La croisière sur la Tamise s’amuse beaucoup, se fait parfois peur (le paysage nocturne peut faire disparaître des îlots, notamment celui qui abrite le canot), se retrouve presque à la rue en raison d’auberges bondées et d’hôtels complets, frôle la catastrophe à cause d’un canot à vapeur, honni par les amateurs de vrai canotage de plaisance à rame, ou manque de se blesser en tentant d’ouvrir une boîte de conserve car l’ouvre-boîte a été oublié à la maison. Chaque tranche de vie cache un potentiel hautement comique et c’est ce qui rend délicieux le roman. A ce propos, l’épisode de la truite pêchée par chaque interlocuteur, pêcheur chevronné de son état, est un immense moment de hâblerie des pêcheurs à la ligne, le point culminant étant la chute de ladite truite empaillée qui s’avère être en plâtre.

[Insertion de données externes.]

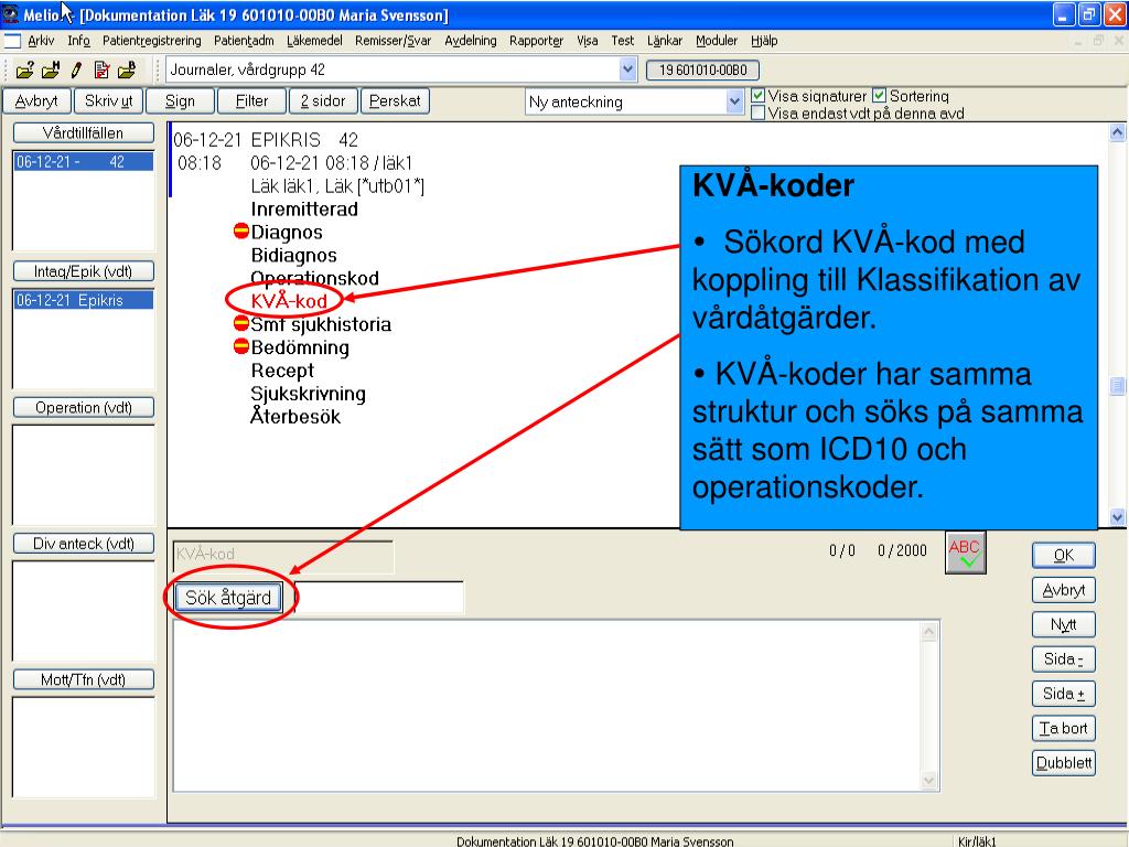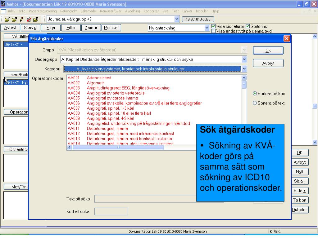 KVÅ-koder • Sökord KVÅ-kod med koppling till Klassifikation av vårdåtgärder. • KVÅ-koder har samma struktur och söks på samma sätt som ICD10 och operationskoder.
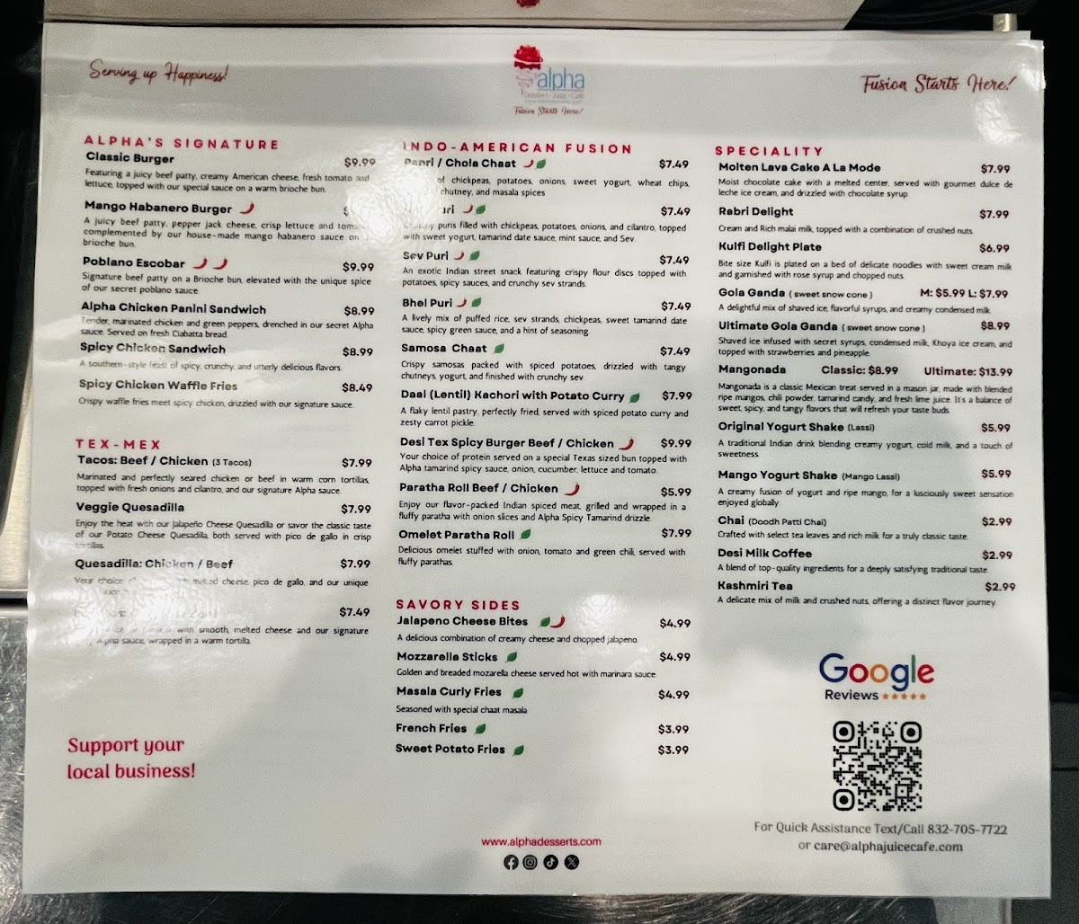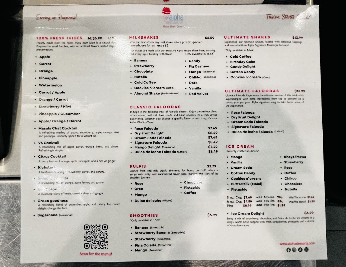 Dive into their rich Dulce De Leche Kulfi, a creamy traditional dessert packed with nutty flavors. For coffee aficionados, the Cortado and Cappuccino promise a robust, flavorful experience. Customers rave about the freshness of the food and the warm, welcoming atmosphere, making it an ideal spot for family and friends alike. Don’t miss their renowned faloodas and unique juicing options. With free parking and indoor seating, Alpha Dessert Juice Cafe is truly a dessert destination worth exploring!

Cependant, tout n’est pas que comédie, il y a les digressions historiques permettant d’édifier la culture des lecteurs (j’ai appris beaucoup de choses sur l’histoire du Royaume Uni) et des réflexions philosophiques sur l’existence, sur les illusions que l’on entretient, avec complaisance, sur le monde et sur soi-même, sur l’inutilité de trop rechercher le faste sa vie.
Jerome K. Jerome a écrit ce récit d’aventures en 1889 souhaitant apporter au roman anglais un autre souffle, une autre direction. En effet, à cette époque, deux littératures étaient proposées, la littérature pour une société éduquée et cultivée (ainsi les romans de Jane Austen, de Wilkie Collins ou d’Elizabeth Gaskell, et la littérature de gare avec les romans à quatre sous (les penny novels). Il trouve le format idéal, avec « Trois hommes dans un bateau (sans parler du chien !) », pour satisfaire l’envie de détente et cherchant autre chose que les romans de gare. Quoi de plus adapté qu’un essai léger, des récits de voyage ou d’aventures drôles et parfois burlesques !
Bien que très critiqué par l’establishment littéraire, Jerome rencontre un énorme succès avec les aventures de son trio. Rapidement traduit en français (1892), plébiscité aux Etats-Unis, le roman deviendra la quintessence de l’humour anglais.
Ce texte, au fil de sa lecture, m’a paru étonnamment moderne pour l’époque, un ovni dans le contexte socio-littéraire de l’époque victorienne. D’autant plus que derrière les innombrables clichés du quotidien de la société anglaise, le texte demeure très anglais apportant un élément nouveau d’importance « entre les distractions du peuple inculte et le raffinement de l’élite », à savoir « une littérature intermédiaire qui cherchait à conquérir un public plus vaste sans tomber dans les clichés vulgaires. » (André Topia)
En un mot comme en mille, ce roman est une véritable pépite d’humour.